Thinking about selling a limited company? Whether you’re planning an exit, merging with a competitor, or passing the reins to a new owner, the way you structure the deal can make a big difference to price, risk and tax.
The good news is that with the right prep, documents and approvals, you can complete a clean sale and protect yourself along the way. In this guide, we’ll break down how to sell a limited company in the UK, the key legal steps, and the contracts and compliance issues you shouldn’t overlook.
What Does “Selling A Limited Company” Actually Mean?
In the UK, there are two main ways to sell your business:
- Share sale – You (the shareholders) sell your shares in the limited company to the buyer. The company remains the same legal entity and keeps all assets, employees, contracts and liabilities. The buyer steps into your shoes as the new owner.
- Asset sale (business sale) – The company sells selected assets and business undertakings (for example, stock, equipment, IP, customer contracts, goodwill) to the buyer. The limited company itself is not sold; it may remain with you and can be wound up or repurposed afterwards.
Each route has different commercial, legal and tax implications. A share sale is often simpler for continuity (the company carries on with the same contracts, employees and licences), but buyers sometimes prefer an asset sale to “cherry pick” what they’re buying and leave unwanted liabilities behind.
At a high level, a share sale is documented by a Share Sale Agreement, while an asset sale is documented by a Business Sale Agreement. We’ll unpack the other essential documents shortly.
How To Sell A Limited Company: Step-By-Step
Every deal is different, but most small business sales follow a familiar path. Here’s a practical roadmap.
1) Get Sale-Ready
- Financial housekeeping – Clean, up-to-date accounts, management reports and tax filings build buyer confidence and speed up due diligence.
- Contract tidy-up – Locate key contracts, confirm assignment or change-of-control provisions, and renew anything critical that’s nearing expiry.

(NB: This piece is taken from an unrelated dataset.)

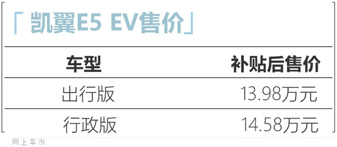 9月1日,凯翼E5 EV正式上市,新车提供出行版、行政版2款配置车型,补贴后售价分别为13.98万元和14.58万元。动力方面,新车采用了三元锂电池搭配永磁同步电机的组合,动力水平超比亚迪秦(配置|询价)EV。值得一提的是,该车还配备有高效智能电驱系统,30分钟可充电至30%-80%。根据该车的市场定位来看,新车将与比亚迪秦 EV、BEIJNG-EU5(配置|询价)等车型展开竞争。

- IP and ownership checks – Make sure your brand, domains, software and other IP are actually owned by the company (not founders or contractors). If gaps exist, fix them now (for example, with an IP Assignment).
- People and policies – Ensure employment contracts, handbooks and policies are current and compliant. Resolve any pending disputes where possible.
2) Protect Confidential Information
Before you share financials, customer lists or trade secrets, ask the buyer to sign a Non-Disclosure Agreement (NDA). This sets boundaries around what they can do with your information and helps protect your position if the deal doesn’t proceed.
3) Agree Heads Of Terms
Heads of terms (also called a term sheet or letter of intent) outline the key commercial points: price, what’s included, completion conditions, target timeline and any exclusivity period. They’re usually not legally binding (except for confidentiality and exclusivity), but they set expectations and help your advisers focus on the right issues.
4) Due Diligence
Expect detailed questions about your financials, legal structure, contracts, licences, IP, HR and data protection. Being organised here not only keeps the momentum but can support a better price. A seller-side pack can streamline this process; for busy owners, a curated Legal Due Diligence Package can help you present documents clearly and address red flags early.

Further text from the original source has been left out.